Além de todos esses problemas já relatados, o trabalho escravo gera ainda uma concorrência desleal, na medida em que as empresas que o usam podem praticar preços mais vantajosos no mercado, justamente por gastarem menos no emprego da mão de obra, auferindo lucros maiores que seus concorrentes que agem dentro da legalidade. O mercado de trabalho também é afetado uma vez que mais trabalhadores aliciados para o trabalho escravo significam menor oferta de trabalho nos demais setores da economia, encarecendo artificialmente a mão-de-obra legalmente empregada, o que vai de encontro à eficiência na economia.

Para que se crie um mecanismo eficaz de desestímulo ao trabalho escravo, é preciso definir qual seria o ponto ótimo de esforços de dissuasão. Seria aquele em que se minimizasse o custo social marginal e maximizasse o benefício social marginal. Sabemos que manter uma fiscalização intensa exige o empenho de muitos recursos, sobretudo financeiros, o que acaba onerando o orçamento público.

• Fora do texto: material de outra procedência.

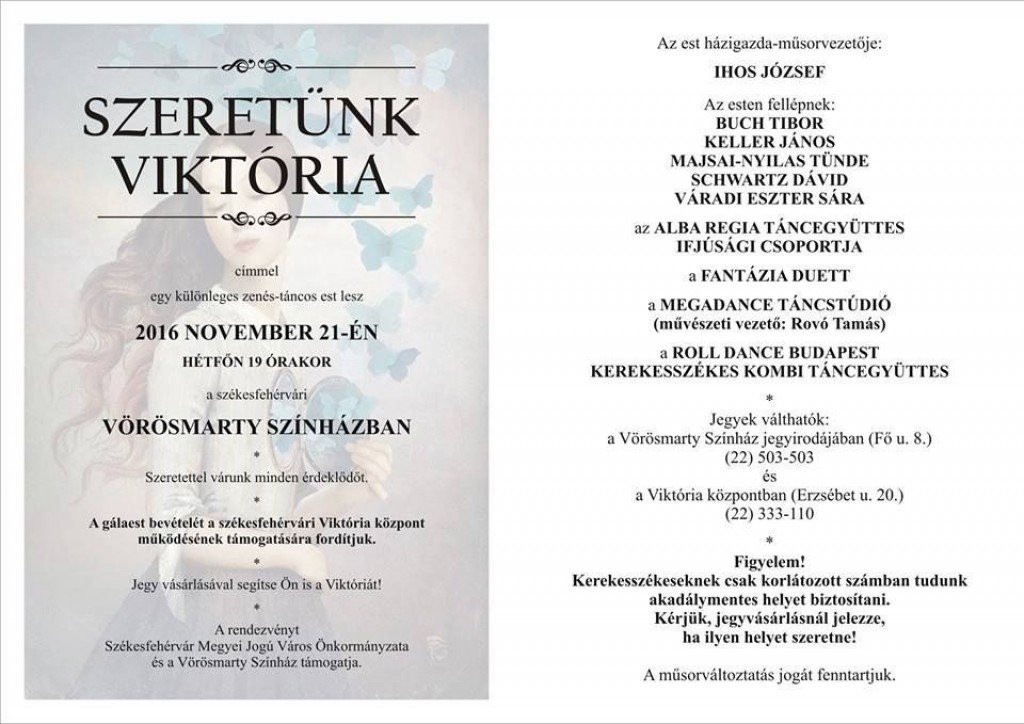 Galériák > Események, programok galériája > Szeretünk Viktória! - jótékonysági est a színházban 2016. nov. 21.

A estrutura (organizacional, financeira e administrativa) exigida para combater o trabalho escravo no Brasil requer criar e equipar grupos de fiscalização móvel, arcar com todos os custos de operação do MTE, do MPT, ações conjuntas com a Polícia Federal, entre outros. Tudo isso implica empenhar recursos que já são escassos e, na verdade, poderiam ser mais bem empregados em outras áreas mais carentes.

Dessa forma, a aplicação de uma punição exemplar, com multas extremamente elevadas, pode compensar a baixa probabilidade de punição que observamos atualmente. A expropriação das terras onde ocorre o uso de trabalho escravo é perfeitamente cabível como forma de fazer o agente criminoso pagar pelos danos infligidos aos trabalhadores. Mas isso não pode ser aludido apenas para atender a requisitos de eficiência, pois dentro dessa lógica, o Estado deveria exaurir sua capacidade de cobrar multas (mais barato) antes de aplicar penas de aprisionamento (mais caras para o Estado). No caso de crimes contra a liberdade, como é o caso de reduzir alguém à condição análoga à de escravo, a multa deve ser aplicada sem prejuízo das medidas penais cabíveis, em vista do tratamento degradante aos quais os trabalhadores estão submetidos.

Diante do exposto, pode-se dizer que a previsão constitucional de expropriação da terra em casos de trabalho escravo poderia gerar incentivos para melhorar a situação atual. As sanções aplicadas (penais, cíveis e administrativas) não representam ameaças suficientes frente às vantagens pecuniárias advindas da exploração dos trabalhadores, não sendo assim capazes de dissuadir o crime. Nesse sentido, a previsão constitucional de expropriação da terra para quem emprega mão de obra escrava reduziria o beneficio esperado da prática delituosa.